More research showed that most friends stop short of stepping in because they don’t feel like they have the “power or permission” to do so. After months of additional reading and conversations, we realized there was an opportunity for our phones to provide a degree of that permission between friends. By creating a messaging platform that was specifically designed for close relationships between roommates, best friends, and family members, and then equipping those users with shortcuts that make it easier to get together in real life, we could facilitate a circling effect that gave us and our friends the power and permission to be there for each other. The very earliest version of bthere was born.

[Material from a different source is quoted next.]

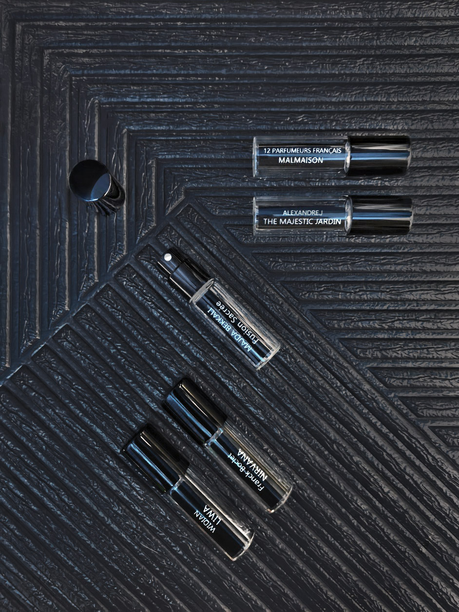 - пустые флаконы с нанесённым лейблом, которые прилагаются к покупкам ароматов в качестве бонуса, как тревел-формат для самостоятельного наполнения;

bthere intentionally designs our features for users to spend as little time on their screens as possible. Once users create a circle with their friends, family, or roommates, they have access to streamlined shortcuts to get friends together in real life: group messaging, location-sharing, event planning, and safety features like battery life notifications, and a one-click SOS system. To earn rewards, users never have to pull out their phones or open the app. Just get together with members of your circle, and the coins start racking up.

At bthere, we believe everything is better together. We’re committed to building an app where friendship means more than an invite or a follow, and where having fun and being there for each other can always go hand in hand.

We’ve come a long way since that conversation in Houston that gave bthere its heart.

We kicked off our year-plus long beta program on select US college campuses in 2017 (University of Texas, University of Alabama, University of Mississippi, Texas Tech, and University of Arkansas). To date, bthere users have created 6,850 circles together and spent over 4.8 million hours together in real life.

The biggest measure of success for our team, however, has been the countless conversations we’ve had with users, educators, and advocates about what bthere means to them. Last spring, we sent a survey to each of our beta campuses. Here are a few of my personal favorite pieces of feedback:

Our beta users have given voice to bthere’s heart. We exist to (a) bring friends together in real life, (b) celebrate that time together, and (c) empower friends to look out and step in for each other.

Our time on college campuses has helped us realize that bthere is for everyone: not just women, not just college students, and not just people who want an easy and fun way to be rewarded. It’s for everyone, because everyone wants and needs real-life connection.